One Giant or Thousand Ants

We recently thought a lot about ways to build a good model for movie recommendations. There is no need for perfection, but it should be at least useful for the user and not the kind of model that suggests all Meg Ryan movies just because you recently watched a romantic comedy with her.

The whole idea is haunting us since quite a while, so we are very skeptical that a single new idea or technology, like Deep Learning, will solve all our problems. Maybe we should start again from scratch and get inspired by the human brain itself. A child learns step by step and not all at once and so should learn our model.

Stated differently, is it more useful to have several weak models that are combined somehow or to have one big model? Especially since we have data from very different domains like ratings, reviews, features, taxonomies and summaries, it seems more straightforward to learn simpler models for the different domains that are combined later.

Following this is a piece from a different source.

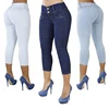 Pantalon court décontracté pour femmes, Sexy, couleur unie, boutons, taille haute, Slim, respirant, élastique, crayon, 2021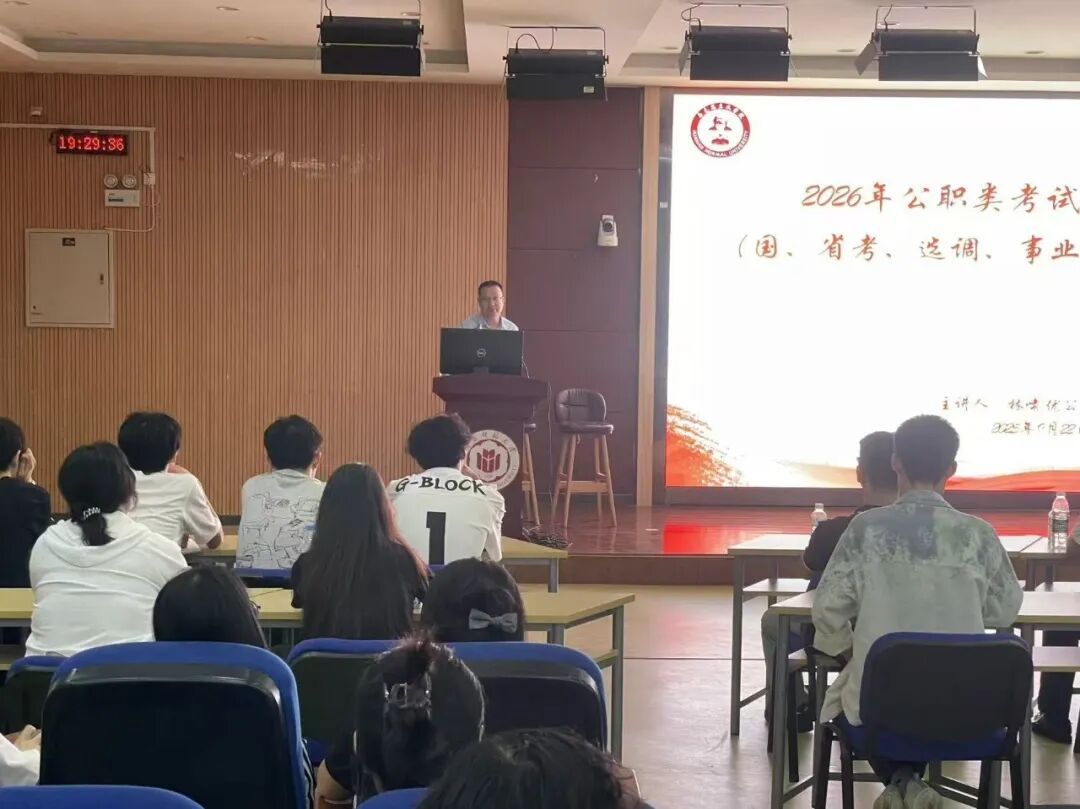 9月28日晚,我院于励志楼120开展“2026年公职类考试全程备考指导”专题讲座。本次讲座由优公教育校长林啸主讲,院党委副书记邓战军主持,23级全体学生参加。(通讯员 黄娇萍)

Especially the ability to integrate a new domain ad-hoc seems to be very beneficial for a personalized TV system. For instance, if a new movie comes out and there is no meta data yet and only very limited ratings and reviews exist, data from an external source, like a social network -especially friends- could be very helpful to enrich the representation of the movie.

One of the bigger problems is sparsity which is especially a problem for movies that are lesser known and thus, only very few data is available. For this kind of movies, we need every bit of information we can get to make useful predictions and it is extremely unlikely that all the information are from a single domain.

So at the end, we choose the ants over the giant in the hope that an army of ants is much more useful than a single, but mighty leviathan.